Determine the month within this combination ('fuel station type' and 'city') that had the lowest number of hourly records.


In [97]:
from pyspark.sql import SparkSession
from pyspark.sql.functions import col, year, month, min

# Initialize a Spark session
spark = SparkSession.builder.appName("LowestHourlyRecords").getOrCreate()

# Assuming 'gasoline_df' and 'fuel_station_df' are your DataFrames

# Define the specific 'fuel station type' and 'city' you want to analyze
selected_fuel_station_type = 'Stradale'
selected_city = 'AGRIGENTO'  # Replace with the actual city name

# Filter 'fuel_station_df' for the specific combination
filtered_fuel_station_df = fuel_station_info_df.filter((col('Type') == selected_fuel_station_type) & (col('City') == selected_city))

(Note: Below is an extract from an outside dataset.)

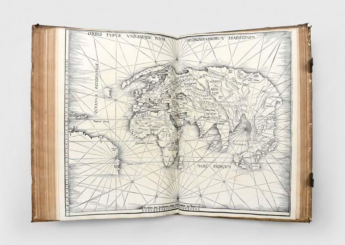 Some exhibitors brought hundreds of titles. Tiburon, Calif., based Neatline Antique Maps had a sparser selection, but what they brought made a big impact. Among the offerings was IgnaceGaston Pardies’ Blobi coelestis in tabulas planas redacti description (Paris, 1683), an original color example of one of the rarest sets from the Golden Age of celestial cartography and Laurent Fries’ 1535 Orbis Typus Universalis Iuxta Hydrographorum Traditionem Exactissime Depicta. According to the dealer’s lot card, it is one of the earliest obtainable maps on the open market to name “America.”

# Join 'filtered_fuel_station_df' with 'gasoline_df' on the 'Id' column
joined_df = hourly_gasoline_df.join(filtered_fuel_station_df, on='Id', how='inner')

# Extract the month from the 'Date' column
joined_df = joined_df.withColumn('YearMonth', year(col('Date')) * 100 + month(col('Date')))

# Group by 'YearMonth' and find the minimum timestamp and minimum price within each group
min_date_price_per_month = joined_df.groupBy('YearMonth').agg(
    min('Date').cast('timestamp').alias('LowestRecordTimestamp'),
    min('Price').alias('LowestPrice')
)

# Find the month with the minimum timestamp and its corresponding lowest price
lowest_timestamp_month = min_date_price_per_month.orderBy('LowestRecordTimestamp').first()

# Display the result (if a lowest timestamp month is found)
if lowest_timestamp_month:
    print(f"The date with the lowest price for '{selected_fuel_station_type}' fuel stations in '{selected_city}' is: {lowest_timestamp_month['LowestRecordTimestamp']}")
    print(f"The lowest price for that month is: {lowest_timestamp_month['LowestPrice']}")
else:
    print(f"No data found for '{selected_fuel_station_type}' fuel stations in '{selected_city}'.")


23/09/05 13:12:08 WARN SparkSession: Using an existing Spark session; only runtime SQL configurations will take effect.


The date with the lowest price for 'Stradale' fuel stations in 'AGRIGENTO' is: 2022-01-04 12:56:17
The lowest price for that month is: 1.608